▸ **WHAT TO PRODUCE**
Output the listing exactly as written, apart from its pictures.

*** Opening of RECORDED INFORMATION ***

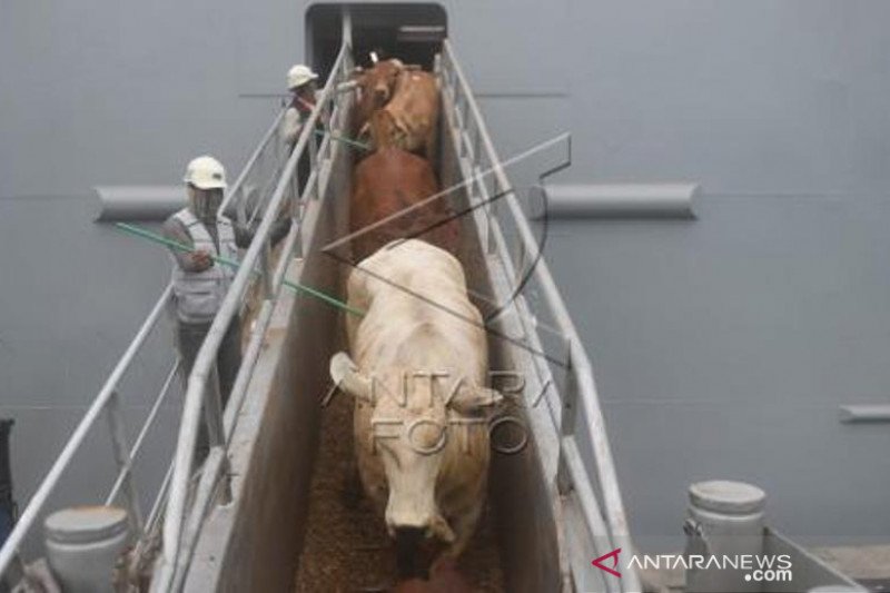 Petugas menurunkan sapi impor dari Australia di Pelabuhan Tanjung Priok, Jakarta, Kamis (15/4/2021). Badan Ketahanan Pangan Kementerian Pertanian memastikan pasokan komoditas pangan yang dipenuhi lewat impor yaitu daging sapi dan kerbau, bawang putih serta gula dalam kondisi memadai sampai berakhirnya Ramadhan. ANTARA FOTO/Akbar Nugroho Gumay/rwa.
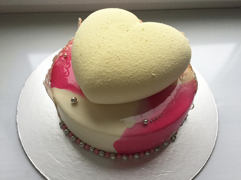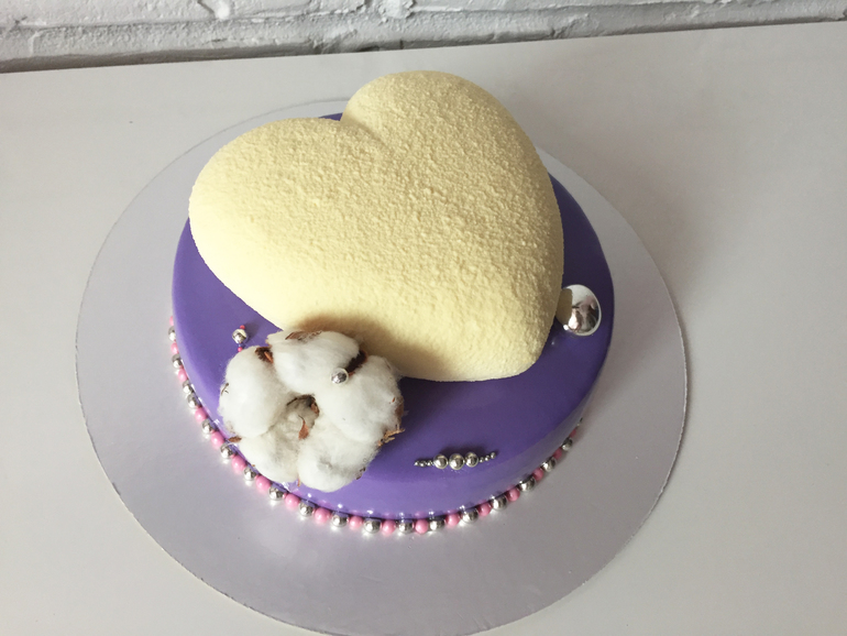 Таких тортов у меня было ровно 4. Сердце лежит просто сверху на глазури без шпажки. Никогда в процессе перевозки не уезжало , вчера вот два часа ехали , всё хорошо было, только водичка образовалась( Да , веточка хлопка , изолированная пищевой плёнкой и потом шоколадом
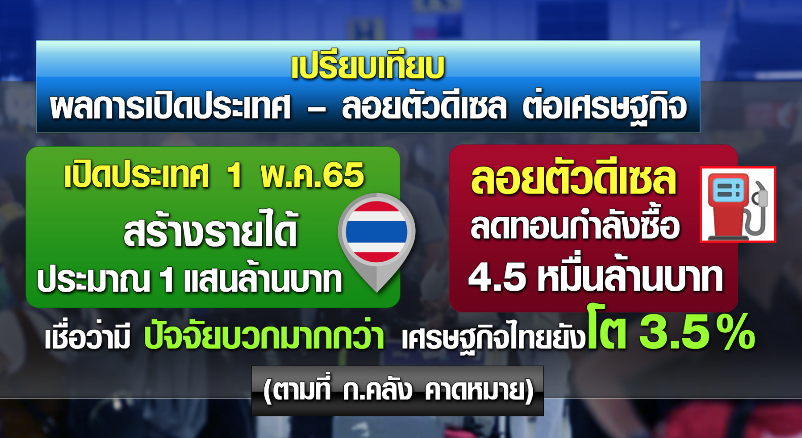 กรุงเทพฯ 1 พ.ค.- รมว.คลัง เชื่อเปิดประเทศฟื้นท่องเที่ยว หนุนเศรษฐกิจไทยโต 3.5% ธุรกิจการบินหนุนรัฐออกแคมเปญเสริมท่องเที่ยว คาดสร้างรายได้แสนล้านบาท

*** Close of RECORDED INFORMATION ***

▸ **EXERCISE ANSWER**
 Petugas menurunkan sapi impor dari Australia di Pelabuhan Tanjung Priok, Jakarta, Kamis (15/4/2021). Badan Ketahanan Pangan Kementerian Pertanian memastikan pasokan komoditas pangan yang dipenuhi lewat impor yaitu daging sapi dan kerbau, bawang putih serta gula dalam kondisi memadai sampai berakhirnya Ramadhan. ANTARA FOTO/Akbar Nugroho Gumay/rwa.
 Таких тортов у меня было ровно 4. Сердце лежит просто сверху на глазури без шпажки. Никогда в процессе перевозки не уезжало , вчера вот два часа ехали , всё хорошо было, только водичка образовалась( Да , веточка хлопка , изолированная пищевой плёнкой и потом шоколадом
 กรุงเทพฯ 1 พ.ค.- รมว.คลัง เชื่อเปิดประเทศฟื้นท่องเที่ยว หนุนเศรษฐกิจไทยโต 3.5% ธุรกิจการบินหนุนรัฐออกแคมเปญเสริมท่องเที่ยว คาดสร้างรายได้แสนล้านบาท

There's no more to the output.